Sunday, March 4, 2012

My mother's daughter

I told my mom about Maxearnest tonight.  I sort of had to.  I had a bit of a money scare and then my mom was sort of hinting that maybe this wasn't the time to go to Europe this summer--wouldn't that be more expensive than staying home, and so I told her.

She asked what he was like and I said kind and empathetic.  And she almost started to cry.  I could hear the tears in her voice.  She was so happy for me.  But I also realized what a great toll being with my dad all those years has taken.  I just wanted to take her in my arms and hold her.  

My mom threatened to divorce my dad this year, and he started to make some of the changes with her that he refuses to make with me.  But they seem very small in comparison to the damage I think he causes her.  

My parents will celebrate their 50th anniversary soon.  There are times I'm absolutely shocked at the generational differences.  My mom refused to consider buying a Push-Up bra for my dad, even though it was painfully clear that my dad would have loved to see her in one.  From what I can tell, they have a good, but boring sex life and I would guess they are having sex about once a week, which, I think, is more from a sense of obligation on my mother's part than lust.  My mom never worked full time, and my dad always resented that.

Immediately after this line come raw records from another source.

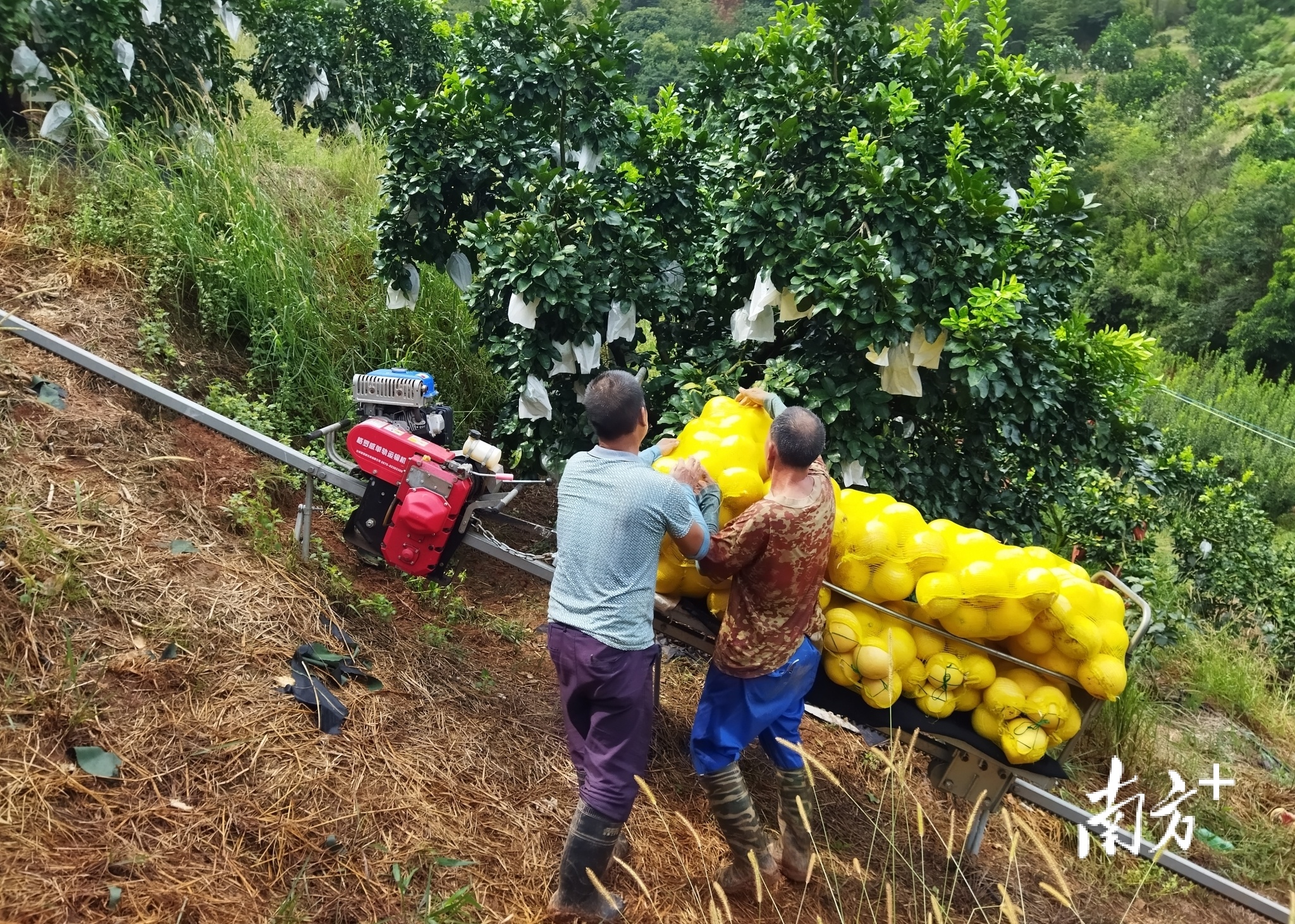 笔者走进果园,看到农户忙着采摘、运输,脸上洋溢着丰收的笑容。上千亩柚园里,主要种植长坝沙田柚,小部分红肉蜜柚。山上安装有智能水肥一体化节水设施、单轨运输机,果树下铺着长长的生物地膜,可以看见现代高质高效农业技术在这里得到广泛应用。据了解,仁化县国家现代农业示范区结合开展党史学习教育,以及“我为群众办实事”实践活动,今年继续支持引导该合作社实施新建山地单轨运输机、柚子深加工和冷库项目建设等。
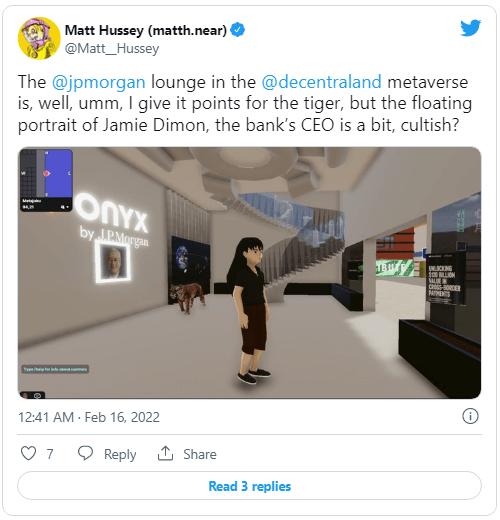 Despite including some meme components in its lounge, the United States' largest bank is serious about the Metaverse. The Onyx lounge opened at the same time as the bank released an assessment on its potential, which was bullish.
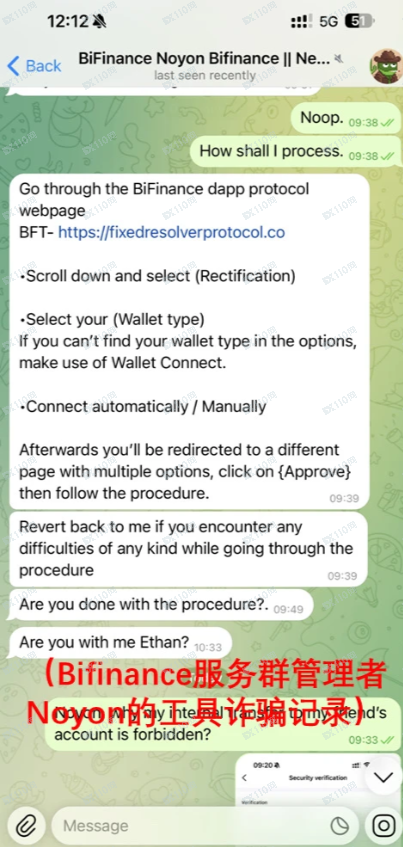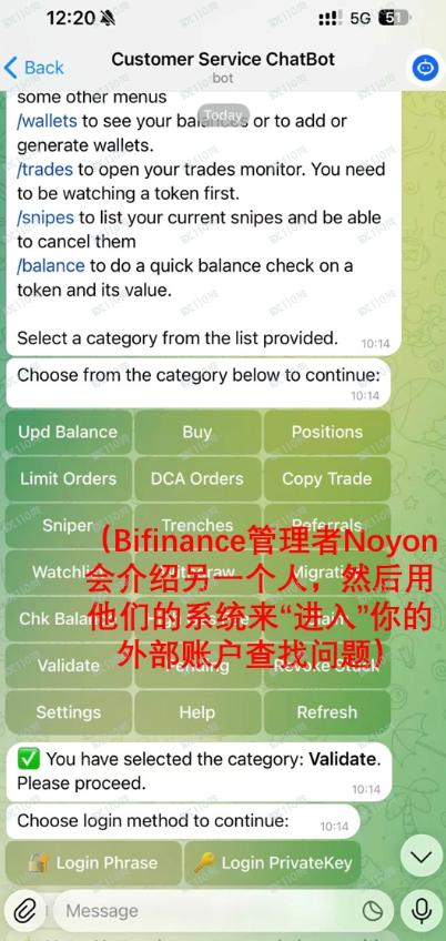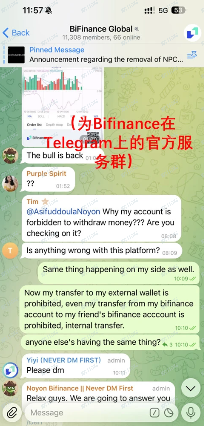 之后我多次联系客服,官方app引导至Telegram上的客服群沟通。群里有管理人员Noyon和Support BiFinance人员。Noyon提出给操作工具,要求授权外部账户核心信息实现 “同步”,还把我转给其他服务人员,其工具竟要我在手机打开我个人外部账户以便他们直接进入。

But I have to say, I wonder if my mom could have been much happier on her own than married.  I can't imagine  the constant callousness. In a weird twist, Maxearnest is from the country that my family sort of blames for my dad's rigidness and judgmental nature (he has ancestors from there as well), but Maxearnest has none of that.  The tone in her voice when I said Maxearnest was kind and empathetic made me so sad for her.